> _WORK REQUIRED_
Reproduce word for word the lines of the listing from the first one through the one with "TOK Konferansına davetli", omitting every picture.

Start of DATASET

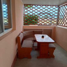 Предлагается небольшие, уютные домики на благоустроенной, зелёной территории. В домиках есть всё для уютного проживания. На территории есть стоянка для автомобиля, мангал, зона отдыха, детская площадка. Расстояние до моря 250 метров.
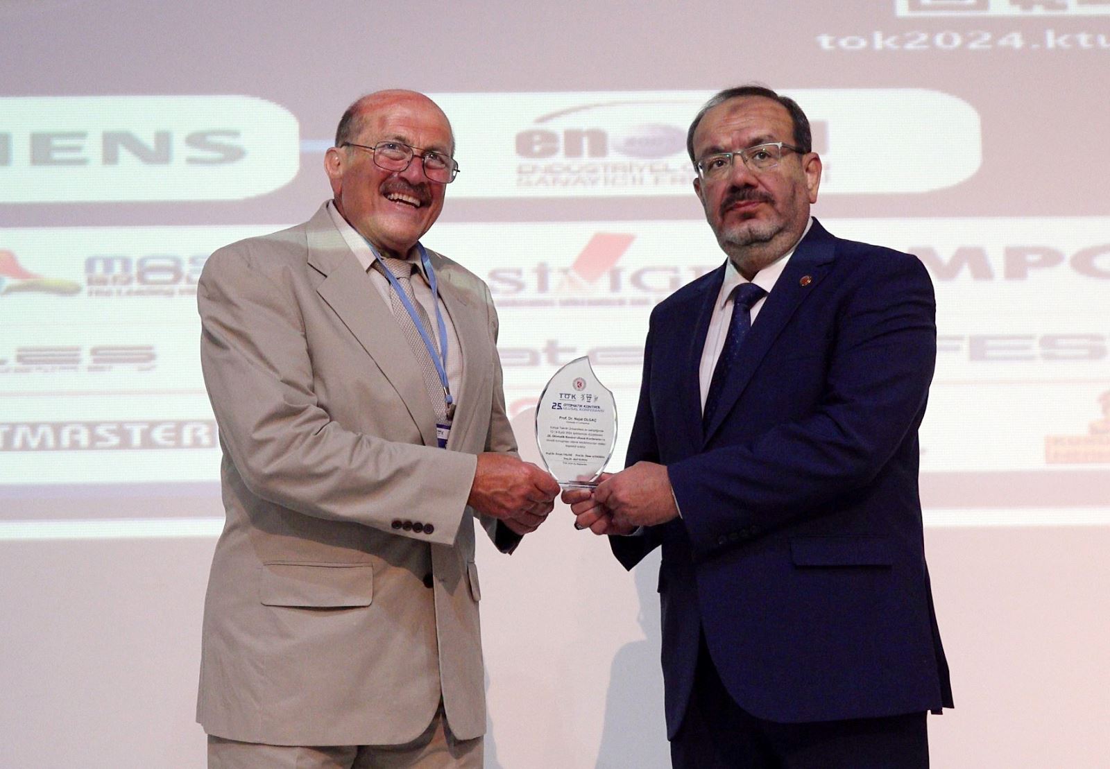 TOK Konferansına davetli konuşmacı olarak katılan University of Connecticut öğretim üyesi Prof. Dr. Nejat Olgac’a akademik çalışmaları ve tecrübelerini paylaştığı konuşmasının ardından Rektörümüz Prof. Dr. Osman Nuri Çelik günün anısına plaket takdim etti
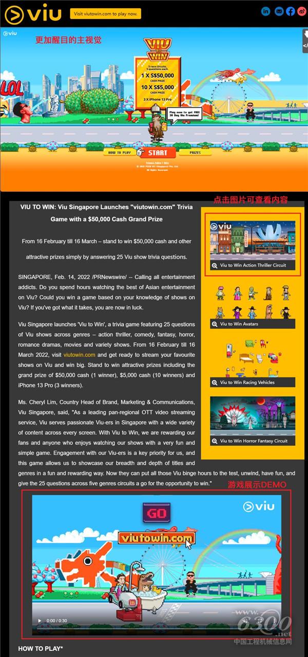 这是企业发布新闻的基础价值,能够提供关键信息,让受众阅读新闻。但此外新闻稿还有一个价值是,它是一个沟通契机,就像一个“窗口”一样,可以在提供新闻的同时,融入更加丰富的企业信息供受众了解,从而达成更为深度的沟通,这就是从“阅读新闻信息”升级至心智上的“感受企业新闻”。举一些场景案例,你会发现这确实存在着刚需。||| Case1第一个典型场景是,每当企业有非常重要或信息量较多的新闻时,文字内容对于体现新闻全貌是有一定实操难度的。因为PR很容易写到篇幅过长,从而淹没重点;或者想介绍的产品等内容是抽象的、机制很复杂的,很难用文字体现,从而增加受众的阅读理解成本。此时就可以考虑在文字之余,在一篇新闻稿中增加多级页面,插入更多的解读图片或视频等素材,这样不仅能增加单篇新闻的信息容量,还能使之看起来更加整洁与美观。比如下面这个案例来自东南亚的视频流媒体Viu,该企业近期推出了一款小游戏,以期邀请用户参与、提升粘性。品牌为了推广游戏就需要发布新闻触达用户,并为媒体报道提供官方信息与相关素材。分析下品牌在这篇新闻稿中的难点是:“游戏”是重视觉呈现与实际操作的内容,很难用文字展示其独特体验;同时这篇新闻包含了游戏玩法,参与奖励等内容,信息量很大。此时显然就适合将这篇新闻稿有逻辑的划分板块,比如有可视化的素材来辅助呈现游戏内容,同时有专门的视频素材来介绍游戏体验与参与奖励。故此,“多媒体新闻”就成为了首选,下图就是该新闻专页的最终呈现:
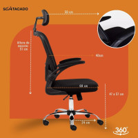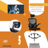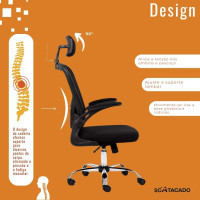 - Encosto confortável: Tela mesh que se adapta à curvatura da coluna para melhor suporte postural
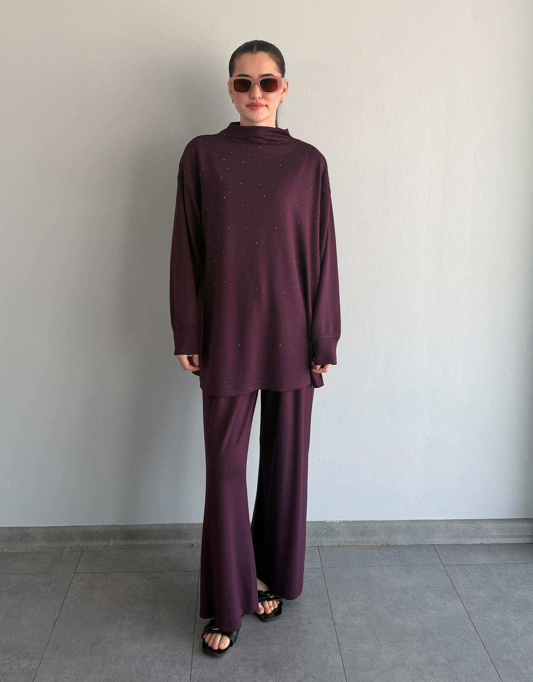 Bayan Mürdüm Şakayık Modal Taşlı Takım | Sarprive
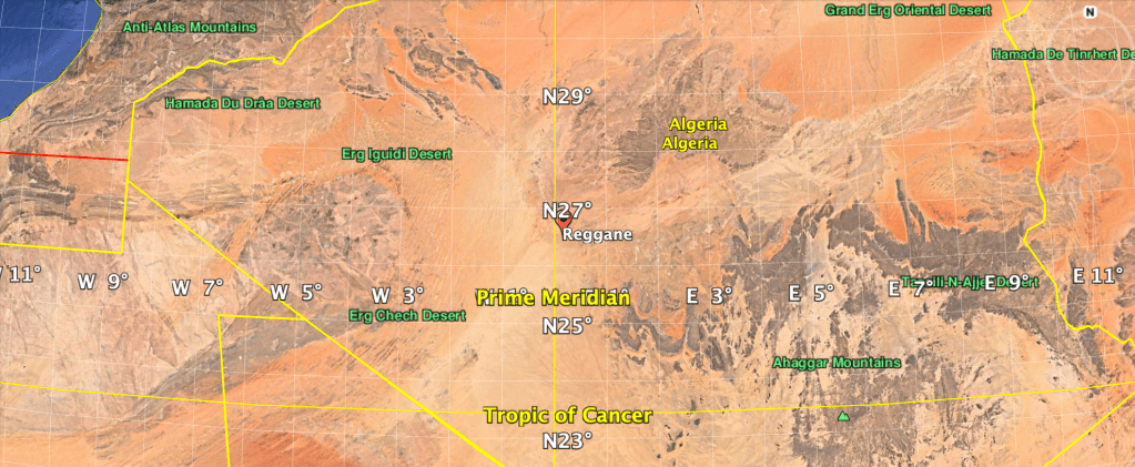 This led me to draw a perpendicular line to the MON/666. I had already looked for significant points within the context of the show: too high for Hong Kong, too low for Tibet or the USA… The only thing I could think of was the Sahara desert, mentioned in part 3 of the return (Jade’s car), but the line was too low for most places of interest in Egypt, for instance. Then, being French, I suddenly remembered that France has conducted various civilian and military ballistic rockets launches from the vicinity of the town of Reggane until 1965, and had also conducted four nuclear tests there during the Algerian War in 1960 and 1961, before the country’s independence. Given the importance of nuclear bombs in Twin Peaks (see part 8), it was worth looking at the town’s latitude. As evident on the image below, Reggane is located at 27°N, the one bisecting the North / South axis of the Americas at 66.6°W.
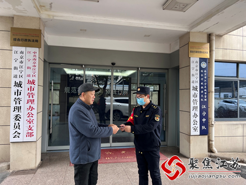 2月19日上午,在南京市江宁区江宁街道城管办门前,城管队员将捡到的手机交到失主手里,演绎暖心助人的一幕。
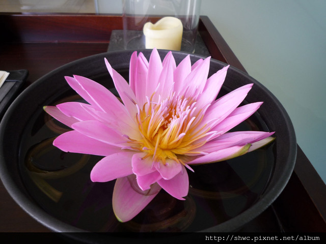 上次來還在整修的無邊界蓮花水池已經完工。水池上的蓮花會隨風勢水勢飄浮,其實他是把蓮花擺在盤上,下面有一條繩子。
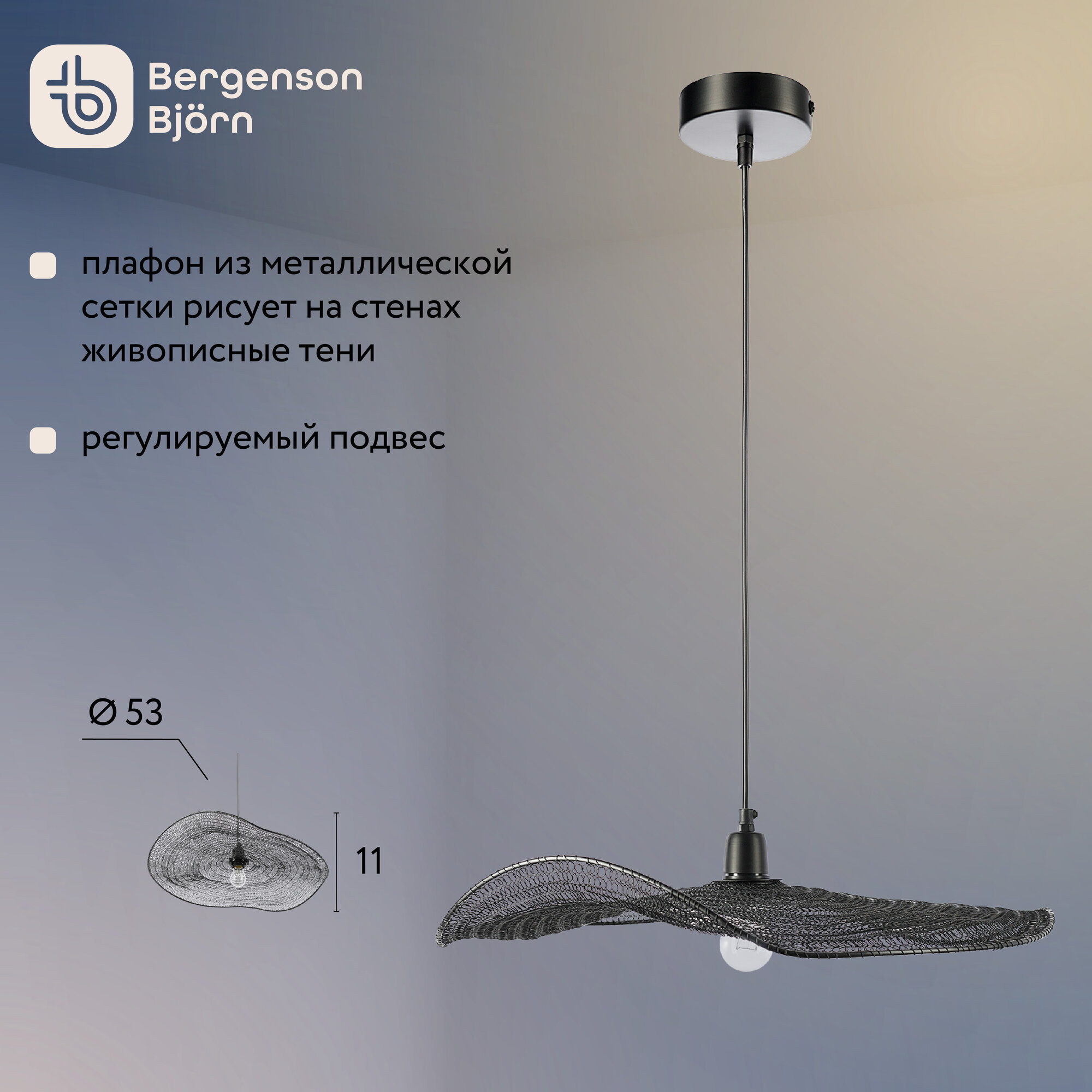 Светильник подвесной Vinger от бренда Bergenson Bjorn – прекрасный способ добавить интерьеру характер и индивидуальность. Подвес привлекает качественным исполнением и интересным дизайном. Его плафон из металлической сетки рисует на стенах и потолке живописные тени, создавая в помещении волшебную атмосферу.
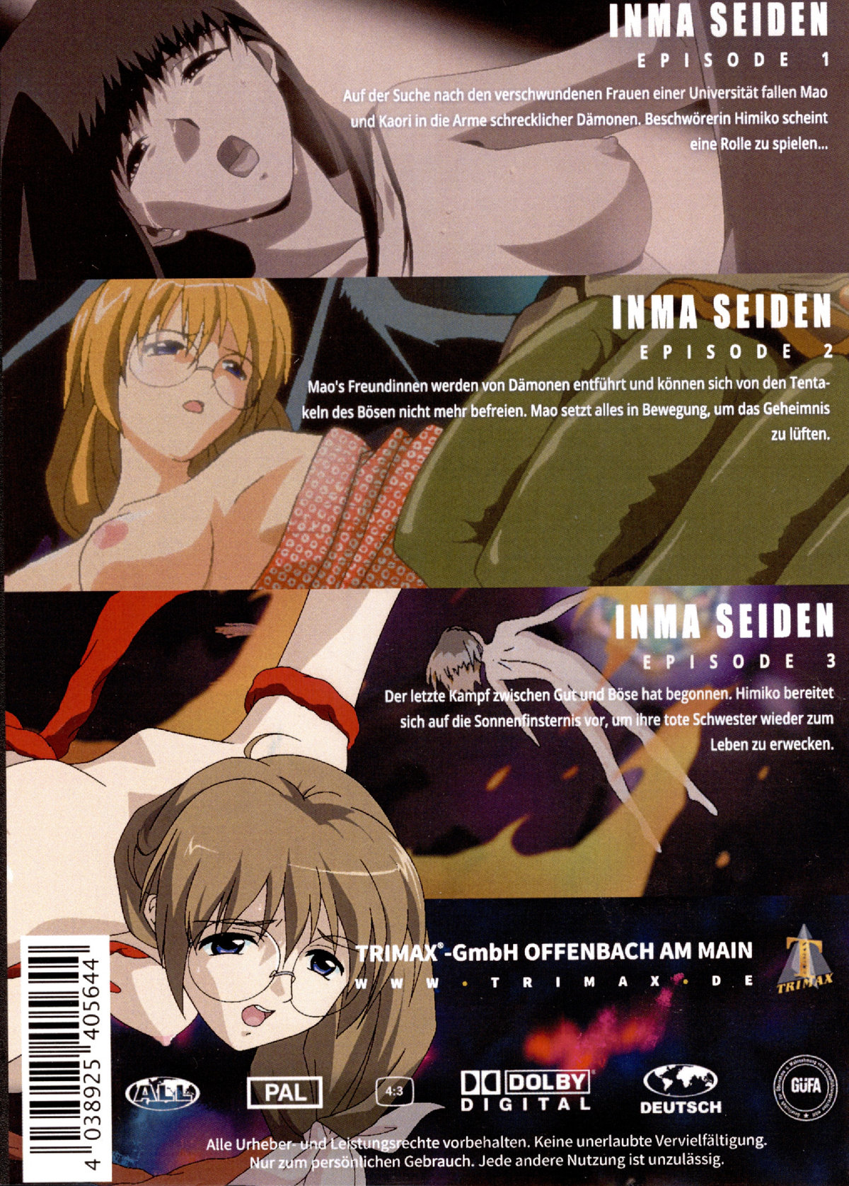 Inma Seiden 1 Auf der Suche nach den verschwundenen Frauen einer Universität fallen Mao und Kaori in die Arme schrecklicher Dämonen. Beschwörerin Himiko scheint eine Rolle zu spielen… Inma Seiden 2 Mao's Freundinnen werden von Dämonen entführt und können sich von den Tentakeln des Bösen nicht mehr befreien. Mao setzt alles in Bewegung, um das Geheimnis zu lüften. Inma Seiden 3 Der letzte Kampf zwischen Gut und Böse hat begonnen. Himiko bereitet sich auf die Sonnenfinsternis vor, um ihre tote Schwester wieder zum Leben zu erwecken.
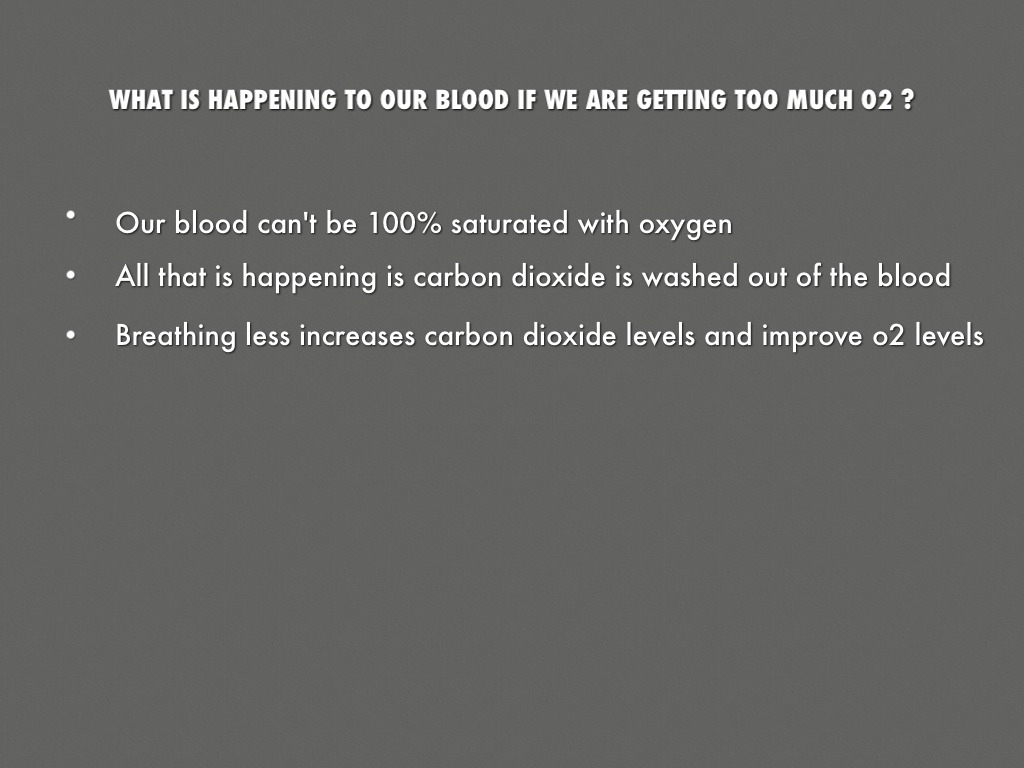 WHAT IS HAPPENING TO OUR BLOOD IF WE ARE GETTING TOO MUCH O2 ?
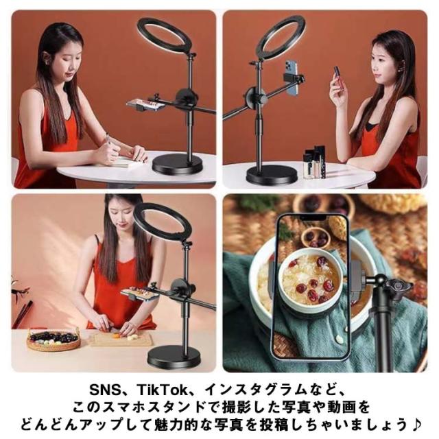 俯瞰撮影 スマホスタンド 手元撮影 動画撮影 LED 26cm リングライト スマホホルダー 真上から撮影 手元を映す 3色調光 10段階調節 伸縮 手振れ防止 料理動画 商品撮影 DIY 手作り ライブ配信 実況用 YouTube TikTok
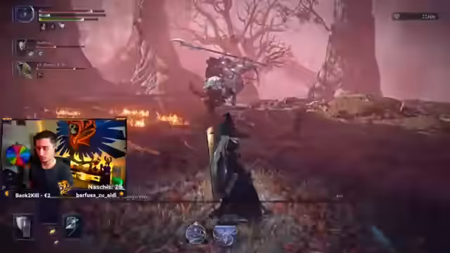 00:26:55Während des Streams wird ein besonders schwieriges World Event ausgelöst, bei dem ein 'Nightlord' als Boss erscheint. Dieser Boss gilt als extrem stark und forciert einen 'Fluch', der den Spielern 35.000 Runen kostet, um ihn zu besiegen. Das Team, dem die Runen fehlen, unterliegt dem Boss schnell und das Event endet für die Streamer katastrophal. Das wird als 'Worst World Event Ever' bezeichnet und führt zu einem scharfen Kommentar des Streamers über den Schwierigkeitsgrad und die Design-Entscheidungen des Spiels.
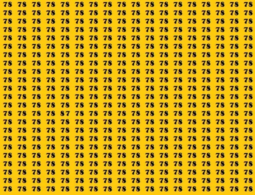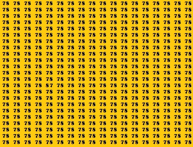 А теперь давайте перейдем к самой задаче. Перед вами золотистое поле, сплошь заполненное числами «78». Они выстроились в идеальном порядке, словно солдаты на параде. Но где-то там скрывается хитрое число «87», которое нарушило строй. Ваша миссия – найти его за 8 секунд.
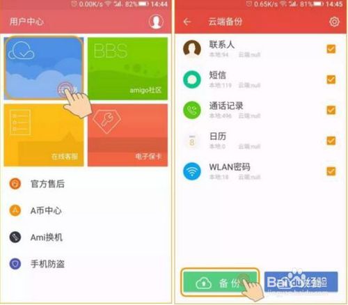 我们可以通过”云同步“功能完成金立手机数据备份恢复,依次进入”设置“-”用户中心“-->”云服务“,在此可以完成手机数据的备份与恢复。

End of DATASET

> _RESPONSE AREA_
 Предлагается небольшие, уютные домики на благоустроенной, зелёной территории. В домиках есть всё для уютного проживания. На территории есть стоянка для автомобиля, мангал, зона отдыха, детская площадка. Расстояние до моря 250 метров.
 TOK Konferansına davetli konuşmacı olarak katılan University of Connecticut öğretim üyesi Prof. Dr. Nejat Olgac’a akademik çalışmaları ve tecrübelerini paylaştığı konuşmasının ardından Rektörümüz Prof. Dr. Osman Nuri Çelik günün anısına plaket takdim etti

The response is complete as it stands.